Miller attended the Clinton Academy in East Hampton. He initially studied law under Selah B. Strong, later with Caleb S. Woodhull of New York City. In 1825, he moved to Riverhead and opened a law office there. He later took James H. Tuthill as a law partner. He and a few associates purchased an entire township of valuable timberland in Maine, which turned out to involve defective titles and led to a number of suits. He was also involved in a long contest with New York City Griswold merchants over the ownership of some lots in the Brooklyn Atlantic Dock.

In 1840, Miller was appointed Surrogate of Suffolk County. He was a supporter of the Maine law. In 1853, he was elected to the New York State Assembly as a Whig, representing the Suffolk County 1st District. He served in the Assembly in 1854, introducing a bill that would incorporate the Riverhead Canal and Mill Company. In 1857, he was appointed County Judge and Surrogate following the resignation of Abraham T. Rose. He lost the election for the position later that year to J. Lawrence Smith. He became district attorney of Suffolk County in 1858, and in the election that he ran as a Republican and won.

Miller supported and helped establish the Congregational Church in Riverhead. In around 1836, he married Eliza Leonard of Massachusetts, who worked as a teacher in Riverhead Academy for many years.

Miller died on October 27, 1883, twenty days after his wife.
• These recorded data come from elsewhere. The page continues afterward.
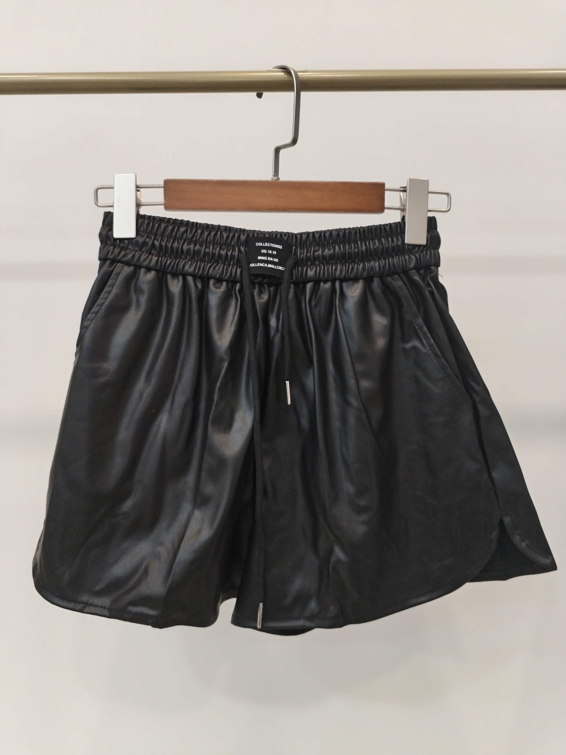 689 Sales: Lausanne Elastic Tie-Waist Leather Shorts (UW 29-46cm; H 41-52cm; L 35cm)
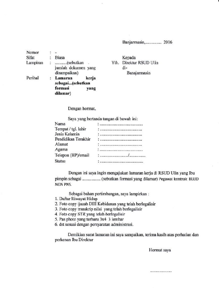 Contoh Surat Lamaran Rsud Ulin
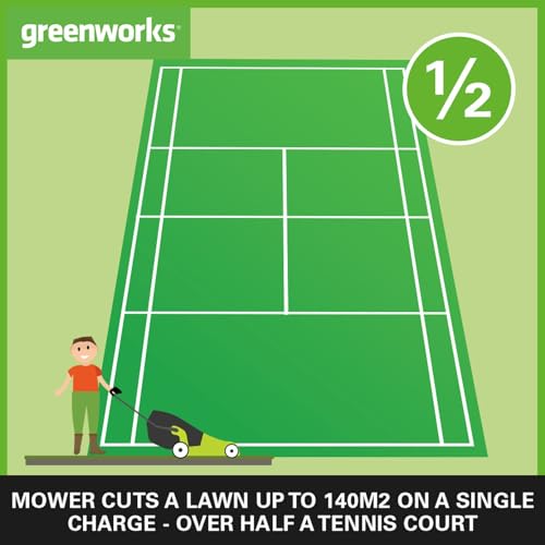 - CUTS SMALL SIZED LAWNS UP TO 140m² ON A SINGLE CHARGE - delivering all the power and performance of a petrol driven mower without the mess, noise and environmental impact, the mower has a brushess motor for reliability, low maintenance and a longer life
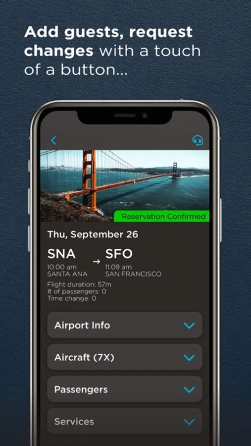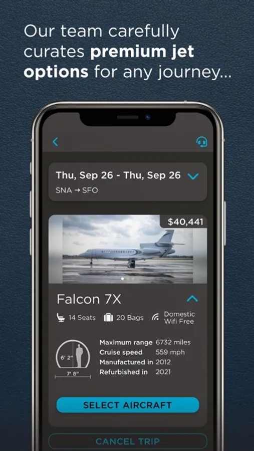 The app’s booking process allows users to choose from round trips and one-ways while setting departure and arrival times, airport pairs and aircraft class categories determined by the flyer or passenger number input. Clients receive proposals consisting of various options for aircraft including tail numbers and aircraft specifications curated by a dedicated member of the PJS team from Trip Request details submitted in the app.
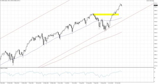 Skala korekty pozostaje niewielka i sięga 0.5%. W trakcie sesji azjatyckiej nastroje rynkowe popsuły dodatkowo wyższe od oczekiwań dane o październikowej inflacji w Chinach. Ta wzrosła do 1.5% r/r z 0.7% r/r i prognozowanych 1.4% r/r. Dziś w centrum uwagi znajdują się analogiczne dane z USA i rynek czeka na najwyższy od początku lat 90-tych odczyt. Konsensus rynkowy zakłada wzrost dynamiki cen do 5.8% r/r z 5.4% r/r, a wyższy odczyt może umacniać oczekiwania na szybszą normalizację polityki monetarnej w USA. Inflacja cen producentów w Chinach, bardziej uwzględniająca problemy w łańcuchu dostaw, wzrosła w październiku do najwyższego poziomu od 26 lat i wyniosła 13.5% r/r wobec 10.7% r/r we wrześniu i oczekiwanych 12.4%. Producenci częściowo wyższe koszty będą przerzucać na konsumentów, przez co wysoka inflacja może się utrzymywać również w 2022 roku. W centrum uwagi znajdują się taniejące akcje Tesli, które straciły wczoraj 12%. To jeszcze po weekendowym zamieszaniu dotyczącym ankiety Elona Muska w sprawie sprzedaży 10% posiadanych przez niego akcji spółki. Dodatkowo Nvidia kontynuuje prace nad pojazdami autonomicznymi, co zwiększa presję na wysoką wycenę Tesli. O ile w przypadku popularnego producenta aut elektrycznych poziom wyceny to duża niewiadoma, o tyle układ sił na Wall Street cały czas wpiera byczo nastawionych inwestorów, a ostatnie wydarzenia powinny być traktowane jako korekta w trendzie wzrostowym.
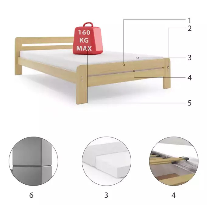 - Rám postele - vyrobený z borovicového dřeva, natřený vodním lakem.
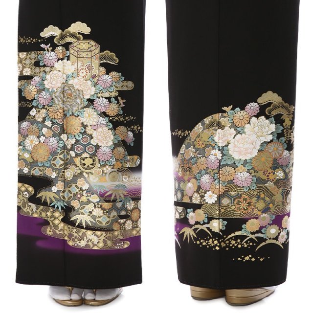 日本人の感性と美意識が生んださまざまな文様が豪華に描かれた黒留袖。美しい文様が絵羽模様として描かれます。まずは「貝桶」。平安時代などで宮中の遊びで貝合わせというものがあって、その貝を入れておく容器が文様化されたもの。貝とは他の貝とは合わない二枚貝の特徴を持つことから男女の永遠の契りを象徴するものとされており婚礼のシーンにぴったり。「松」は、厳しい冬でも緑を保ち続け、「竹」は雪に負けずにまっすぐ伸びることから、逆境に負けない力強さを表しています。「百花の王」とされる「牡丹」は富貴、高貴、幸福を表しています。やはり日本生まれのおめでたい吉祥文様は、上品で正統派な装いをしていただけます。お祝いの気持ちを着物に託せる、そんな一着になっています。
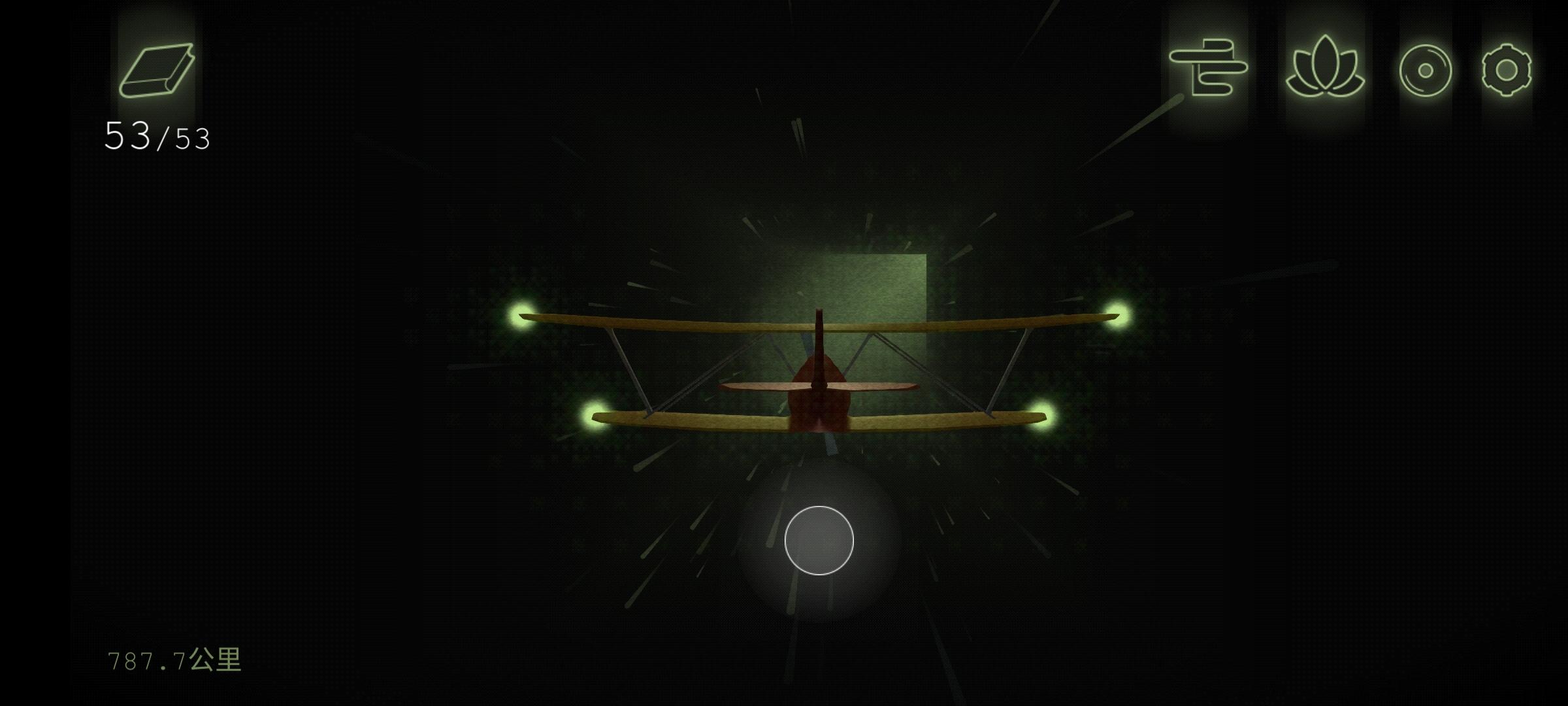 漫无目的的飞行,永远没有尽头,左下角默默统计着你飞行了多久,整个世界仿佛只有你一个人开着飞行机穿梭这一个又一个的障碍,音乐慢慢的放着,当你飞行了一段时间,你会发现,每一个障碍都和音乐相互呼应,没错,障碍的设置就是这款游戏的一个特色,完全随机,障碍随着音乐的节拍生成,加深玩家的共鸣。
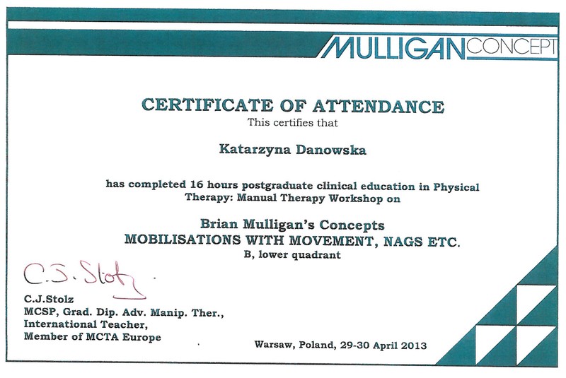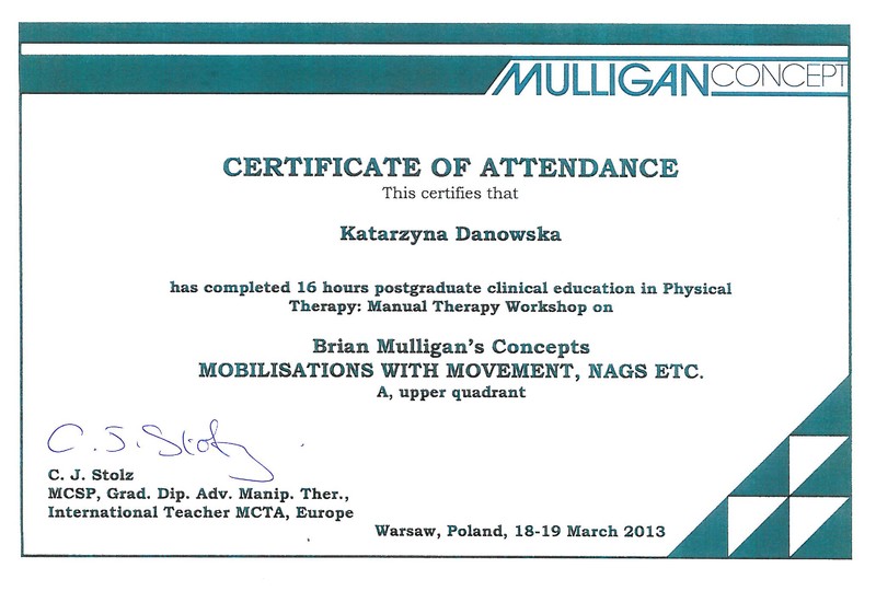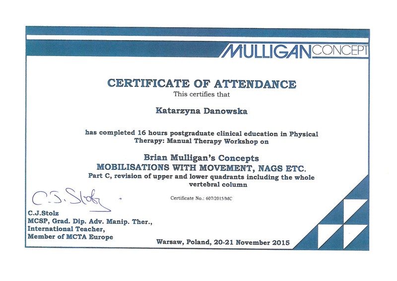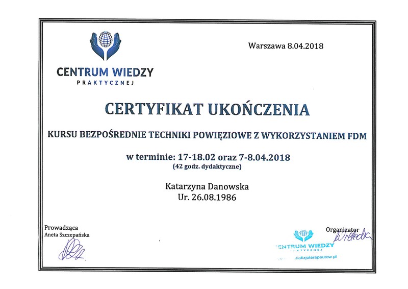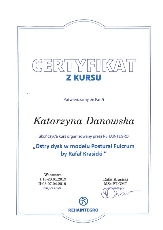 Jestem fizjoterapeutką i instruktorką aerobiku. W 2010 roku ukończyłam studia magisterskie na Warszawskim Uniwersytecie Medycznym i od tamtej pory zdobywam doświadczenie w pracy z ciałem pacjenta. Jestem absolwentką licznych szkoleń z zakresu fizjoterapii ortopedycznej, neurologicznej i uroginekologicznej. Swoją wiedzę medyczną połączyłam z zamiłowaniem do aktywności fizycznej, stąd pierwsze szkolenia z aerobiku, pilatesu i innych form zajęć ruchowych. Systematycznie poszerzam swój warsztat pracy i planuje dalszy rozwój.
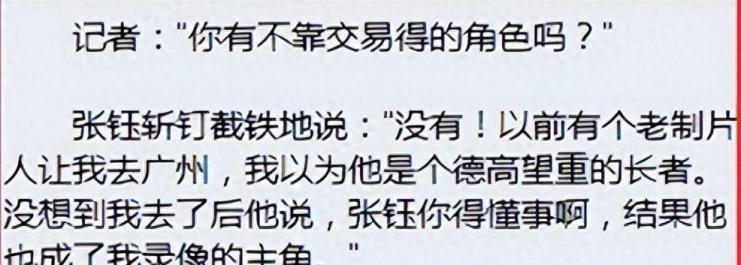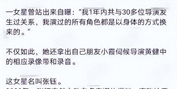 最近,一位名叫张钰的女星爆料了自己在娱乐圈中遭遇过的潜规则,并拿出了录像带、录音带等证据来证明自己所说的一切都是真实的。张钰称,她从2008年开始进入娱乐圈,至今已经和30多位导演、影视公司老板发生过关系,其中包括黄健中、张纪中、于敏等知名导演。她说,她之所以做这些事情,是因为她想要出名,想要得到更多的角色和资源。她说,她并不是唯一一个这样做的人,在娱乐圈中,有很多女星都是通过潜规则来上位或者保住位置的。

He was buried in Riverhead Cemetery.

References

External links 

 The Political Graveyard
 George Miller at Find a Grave

1799 births
1883 deaths
Politicians from Suffolk County, New York
Suffolk County district attorneys
People from Miller Place, New York
People from Riverhead (town), New York
19th-century American lawyers
New York (state) state court judges
19th-century American judges
County judges in the United States
New York (state) Whigs
Members of the New York State Assembly
New York (state) Republicans
American Congregationalists
Burials in New York (state)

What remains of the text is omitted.